Cybervictimization was measured on a 5-point Likert scale (0 = not at all to 4 = several times a week) in the previous 6 months. Based on an exploratory factor analysis the following subscales were calculated by using mean scores: Relational Cybervictimization (5 Items, M = 0.25, SD = 0.49, α = 0.79, e.g., “Has anyone pretended to be you and spread or posted things around to destroy your reputation or friendships?”), Language related Cybervictimization (3 Items, M = 0.12, SD = 0.43, α = 0.80, e.g., “Have you been excluded on the Internet from a group with another language?”), and Ethnically based Cybervictimization (5 Items, M = 0.12, SD = 0.33, α = 0.80, e.g., “Have you been insulted on the Internet because of your culture?” or “Has anyone attacked you on the internet because of your appearance (skin color, hair color etc.)?”). Strain resulting from cybervictimization was measured on a 5-point Likert scale (0 = not at all, 4 = very strongly) concerning all aforementioned items on cybervictimization (13 Items, M = 0.24, SD = 0.52, α = 0.87, e.g., “How stressful was this experience for you?” (with regard to each item of cybervictimization). Coping of Cybervictimization was measured on a 4-point Likert scale (0 = does not apply, 3 = applies completely, “How did you react to this experience?”), based on an exploratory factor analysis the following three subscales emerged: Ignoring (8 Items, M = 0.67, SD = 0.95, α =0.91, e.g., “Over time, I got accustomed to what happened”), Social Adaptation (4 Items, M = 0.22, SD = 0.48, α = 0.79, e.g., “I adapted myself (dyed my hair, took off headscarf, changed behavior, or way of talking”), and Revenge (3 Items, M = 0.40, SD = 0.83, α = 0.67, e.g., “I defended myself aggressively”). Finally, Motives for Cybervictimization were measured on a 4-point Likert scale (0 = does not apply, 3 = applies completely) with response to the question “What do you think was the reason that you were bullied via Internet or mobile phone?” The following subscales were built on exploratory factor analysis: Dispute-related Motives [4 Items, M = 0.51, SD = 0.76, α = 0.82, e.g., “I had a quarrel with the person(s)”] and Ethnic-related Motives (4 Items, M = 0.37, SD = 0.77, α = 0.71, e.g., “Because of my language or accent”). Additionally, two single items were included: Achievement (M = 0.21, SD = 0.63 “Because of my school achievements”) and Unclear reason (M = 0.42, SD = 0.91, “I don't know the reason”).
Analysis Plan
Data were checked for distribution and assumptions for the statistical tests (Field, 2013). We calculated correlations for describing the relation between study variables. Because they were not normally distributed, we calculated descriptive means and Kruskal–Wallis-Tests to compare the motives for cybervictimization across migration-background groups (hypothesis 1). We tested the difference for migration-background groups concerning the dependent variable strain (hypothesis 2). Assumptions for a t-Test for independent groups were not met (different group sizes with N = 263 participants with and N = 71 participants without migration background; no normal distribution in both groups, Kolmogorov-Smirnov D (263) = 0.319, p < 0.001 and D (71) = 0.346, p < 0.001, respectively, unequal variances, Levene's F(1, 332) = 13.97, p < 0.001). Thus, we calculated a non-parametric Mann–Whitney-U-Test.
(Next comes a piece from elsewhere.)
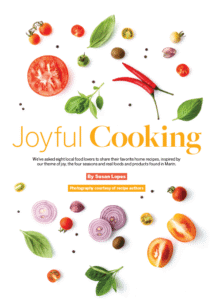 We’ve asked eight local food lovers to share their favorite home recipes, inspired by our theme of joy, the four seasons and real foods and products found in Marin. Click the images to see a larger version of the recipe. You’ll find these recipes and an array of other inspiring, practical content, from bits of wisdom to capsules…

Further, we calculated hierarchically multiple regression analyses to predict the forms of cybervictimization (hypothesis 1) and forms of coping (hypothesis 3). For both dependent variables, we included age, gender, internet use per day, and the dummy-coded migration background (first-generation migration background, second-generation migration background) in a first step, and in a second step motives for cybervictimization (to predict the forms of cybervictimization) or the forms of cybervictimization (to predict coping of cybervictimization). Assumptions for regression analyses were analyzed for the forms of cybervictimization and for the forms of coping (Field, 2013): Residuals were normally distributed (only slight deviations based on visual inspection of p-p-plots), had homogeneous variance (no systematic deviation in the standardized residuals against standardized predicted values), and showed no indication for autocorrelation (Durbin-Watson between 1 and 3). Tolerance >0.02 and VIF <10 did not indicate multicollinearity. In sum, assumptions for all outcomes were in a way fulfilled that we could perform the regression analyses.
Results
Bivariate correlations indicated that the forms of cybervictimization (ethnically-based, language-related and relational cybervictimization), the cybervictimization motives (dispute-related, ethnic-related) and the coping strategies (ignoring, social adaptation, revenge) all were significantly related to strain and to each other (see Table 1).
Hypothesis 1 expected that cybervictimization with ethnic-related motives vs. non-ethnic-related motives (e.g., dispute, academic achievement) would be less prevalent in general, but more prevalent among first-generation and second-generation students with migration background. Indeed, the results of the Kruskal–Wallis-Tests indicate that participants with migration background (both, first- and second-generation migration) reported ethnic-related motives more often than participants without migration background (see Table 2).
Additionally, a Friedman's ANOVA showed that the prevalence of the reported motives for cybervictimization differed in the complete sample [ (df = 3, N = 272) = 53.33, p < 0.001]. Contrary to our expectations, follow-up Wilcoxon analyses showed that ethnic-related motives did not differ from dispute-related motives (T = 0.188, p = 0.090, r = 0.10), but achievement motives were significantly less prevalent than dispute-related motives (T = 0.482, p < 0.001, r = 0.26) and ethnic-related motives (T = 0.294, p = 0.008, r = 0.16).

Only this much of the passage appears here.